In 1922, the citizens of Sacramento organized a junior college district, effectively granting Sacramento Junior College its administrative independence from Sacramento High School. This plan of organization remained in force until 1936, when the college became a part of the Sacramento City Unified School District.

Twenty-eight years later, as a result of a March 17, 1964, election, Sacramento City College separated from the Sacramento City Unified School District to join the newly organized Los Rios Junior College District, which took over the operation of American River College and Sacramento City College. Los Rios paid the total of $1.00 for the 75 acre Sacramento City College Campus. In October 1967, the Sacramento Pop Festival was held at the main campus' Charles C. Hughes Stadium. In 1970, the newly renamed Los Rios Community College District opened a third campus, Cosumnes River College. Folsom Lake College has recently been added to the district.

==Student life==
There are over 50 student clubs and groups on campus, although there are no official fraternities or sororities. The campus does not offer any dorms.

=== Student publications ===
The Sacramento City College yearbook was called the Pioneer when initially published in the 1920s. The format changed in the early 1970s, and it was discontinued by 1980. The school newspaper-originally named "the Blotter" in the 1920s—would be called "The Pony Express" for several decades. It is now called "the Express."

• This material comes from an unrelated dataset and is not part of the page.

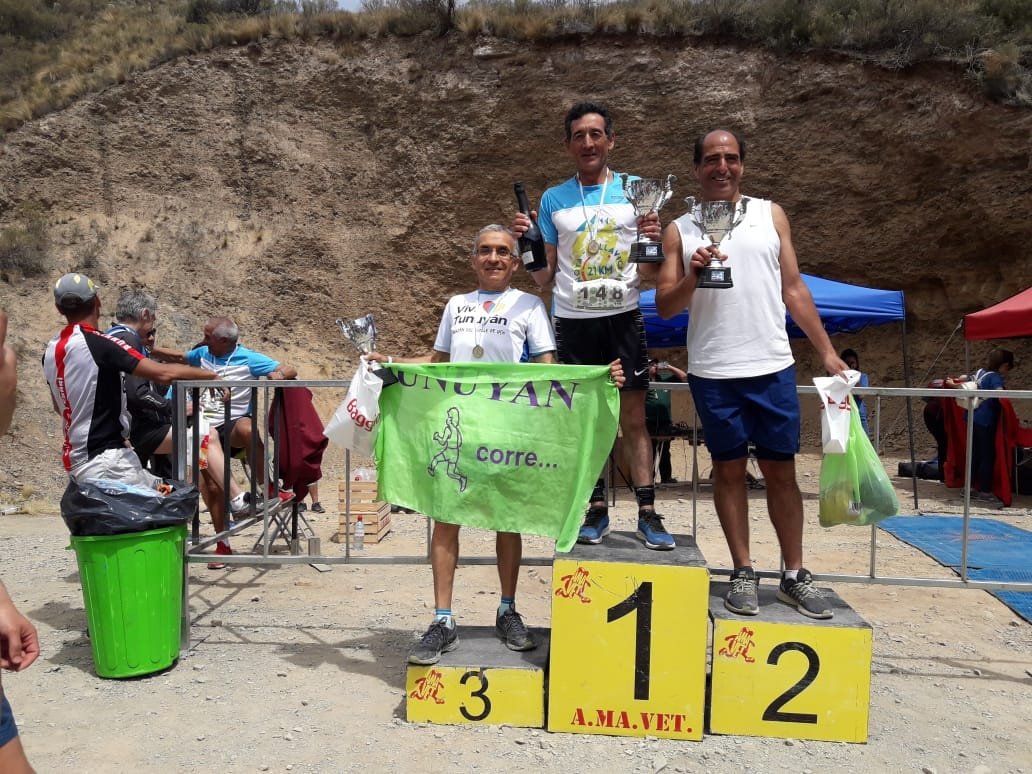 Una costumbre de las carreras mendocinas: Héctor Villegas en lo más alto del podio en su categoría por edad. Foto: Facebook.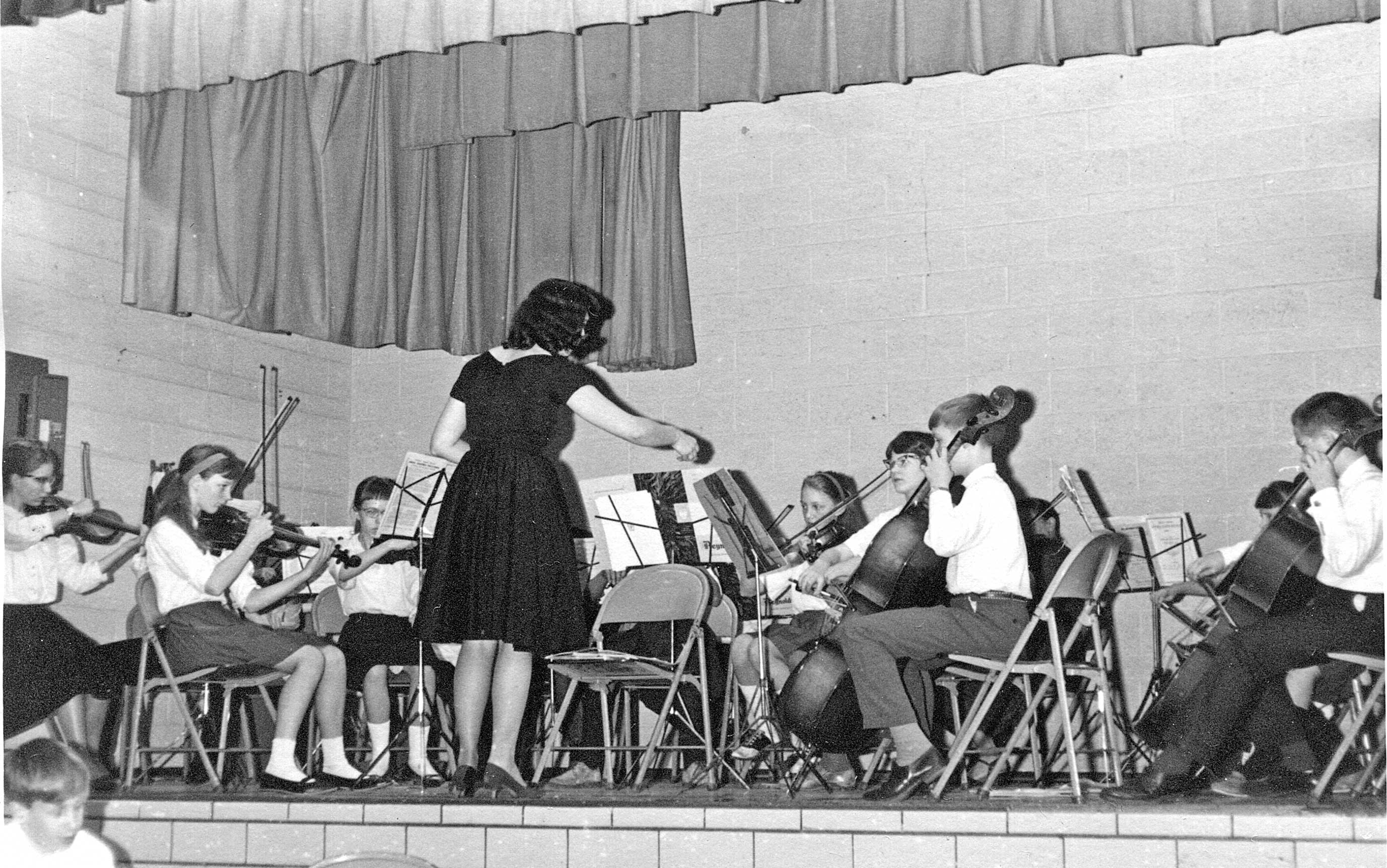 “At the high school the orchestra was always a part-time program, but I was determined that the kids would have a full-time experience,” she said. So between raising a family and performing as a cellist in her own professional ensemble, the English Trio, Mullins grew a star-studded orchestra program with many students who went on to music careers. She took the groups to orchestra contests each year, mostly competing in class B for small schools and typically receiving the highest ratings. And in the 1990s, the music program extended down into Mills Lawn, to start students early on both band and string instruments.

| Men's sports | Women's sports |
|---|---|
| Baseball | Basketball |
| Basketball | Cross Country |
| Cross Country | Golf |
| Football | Soccer |
| Swimming & diving | Softball |
| Track & field | Swimming & diving |
| Wrestling | Tennis |
|  | Track & field |
|  | Volleyball |
|  | Water Polo |

== Athletics ==
The Sacramento City College Panthers are members of the California Community College Athletic Association (CCCAA), and the Big 8 Conference. SCC fields 18 teams, including 10 women's teams and 8 men's teams. The baseball program has demonstrated the most consistent success with 37 league titles, 5 state titles, and 1 national title. On the women's side, the track and field team won 3 straight state titles (2003, 2004, 2005), while the softball program won 4 state titles between 1988 and 2004. Sac City's athletic alumni have competed in the Olympic Games, the World Series, the NFL playoffs, and a world championship boxing match. Several of its coaches (and former coaches) have coached or served in administrative positions on a national and international level, including the Olympic Games, the NFL, and Major League Baseball.

==Notable alumni==

Notable alumni from SCC include Sasha Gray, Academy Award-winning actress Jessica Chastain, senior United States district judge Morrison C. England Jr., and Congressman John E. Moss.